A stream of four-letter words erupted from the girl. Sean dug into the back pocket of his jeans and produced a clean new driving licence, issued only a few months ago. The girl had now jumped down from the bus. She was very small in stature. She leapt up and down in front of Hamish, cursing and yelling. ‘Pig’ was the politest epithet. There was a peculiar, almost sinister magnetism about Sean. He paid no attention to the girl whatsoever and Hamish found himself doing the same. He examined Sean’s insurance and the road-tax disc on the bus. Both were in order.

He handed back the papers and said firmly, “Now, get moving.”

Sean grinned. “Certainly, officer.”

The girl told Hamish to perform an impossible anatomical act on himself and then suddenly bolted back into the bus, like some small hairy animal darting into its lair.

“Pay no attention to Cheryl,” said Sean lazily. “Rather an excitable type.”

“Her full name?” snapped Hamish.

“Cheryl Higgins, like the professor.”

Hamish waited until Sean had climbed into the driver’s seat, and the bus clattered off. He stood with his hands on his hips and watched it go. Then he shook his head. He should not have allowed Sean to upset him. If they parked up on the moors, they would not stay long. He knew the travellers preferred to be with their own kind. It was unusual to find just two of them and one old bus. This fine weather was unusual. Soon there would be the ‘lambing blizzard’, that last vicious fall of snow which always arrived in the late spring to plague the shepherds.
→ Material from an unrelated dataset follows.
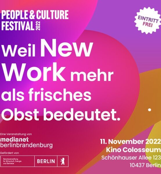 Am 11. November veranstaltet medianet berlinbrandenburg e.V. in Berlin erstmals das People & Culture Festival. Die Veranstaltung findet im Rahmen des Programms „Neustart Wirtschaft“ statt und bietet eine hervorragende Plattform für Absolvent*innen, Young Professionals und Quereinsteiger*innen, um mit Unternehmen und Weiterbildungsstätten in Kontakt zu treten.

His mind turned to the problem of PC Willie Lament. He would not have minded at all having a helper. All policemen, however crime-free the area they lived in, were landed with a lot of paperwork. Hamish regarded the police station as his home, his own home, and he wished he could manage to get Willie to live somewhere else in the village. As he ambled back again in the direction of the police station, he saw that his dog, Towser, was once more tied up in the garden. Poor Towser was always being banished outside these days, thought Hamish. Willie must be scrubbing the floors…again. He decided to go up to Tommel Castle Hotel where his friend, Priscilla Halburton-Smythe, was working in the hotel gift shop. Priscilla’s father, Colonel Halburton-Smythe, had turned his home into a hotel to recoup the vast losses he had made by trusting his money to a charlatan. The hotel had prospered, having excellent shooting and fishing and high enough charges to appeal to the snobbish and the parvenues who thought the colonel’s high-handed manner with his guests was a sign of true breeding, rather than the mixture of arrogance and sheer bloody-mindedness that it, in truth, was.
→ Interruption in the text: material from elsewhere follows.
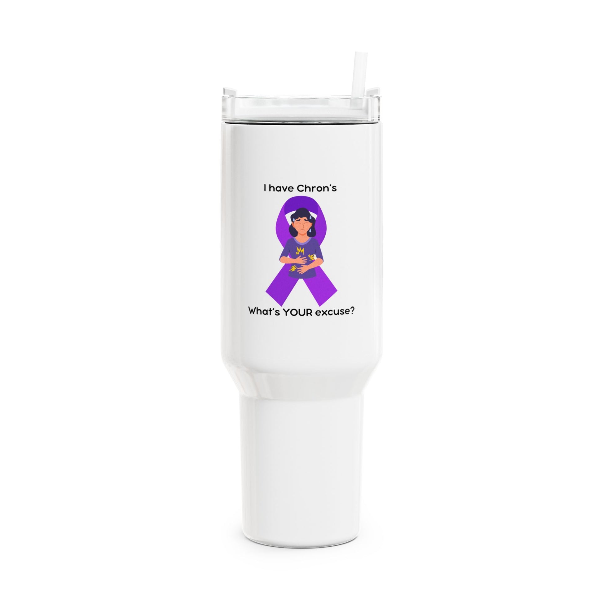 This Chron's Disease Awareness tumbler features a durable stainless steel construction with a sleek ORCA coating for added style and protection. Equipped with a plastic push-down lid, it ensures ease of use. The double-wall vacuum insulation keeps your beverages hot or cold for extended periods of time, making it perfect for any adventure, picnic, or BBQ night at your backyard.

As he unhitched Towser and led the dog to the police Land Rover, Hamish reflected sadly that having Willie in the police station was like being married to a nag of a wife. Archie Maclean, the fisherman, spent most of his time either in the pub or sitting on the harbour wall to get away from his wife’s perpetual cleaning.

The new gift shop was a pleasant place, full of the very best of Scottish goods: Edinburgh crystal, Caithness glass, silver jewellery, fine woollens, along with a multitude of cheaper goods for the tourist to take home – shortbread, locally made fudge, guidebooks, postcards, souvenir pens and pencils, and stuffed toys.

Priscilla was wearing her new tourist uniform of frilled white shirt and short tartan skirt. Hamish wondered what the tourists made of her, this graceful woman with the smooth blonde hair and the superb figure who looked as if she had stepped out of the pages of Vogue.

She saw Hamish and smiled. “I’ve had a coffee machine put in here. You must have got word of it.”

“I am not mooching,” said Hamish, who nearly always was. “But I will have the coffee, nonetheless.”

“What brings you here, Sergeant?” asked Priscilla as she poured two mugs of coffee. She never tired of calling him Sergeant these days, he reflected. He knew she took his promotion as a sign that he had finally come to his senses and decided to be ambitious.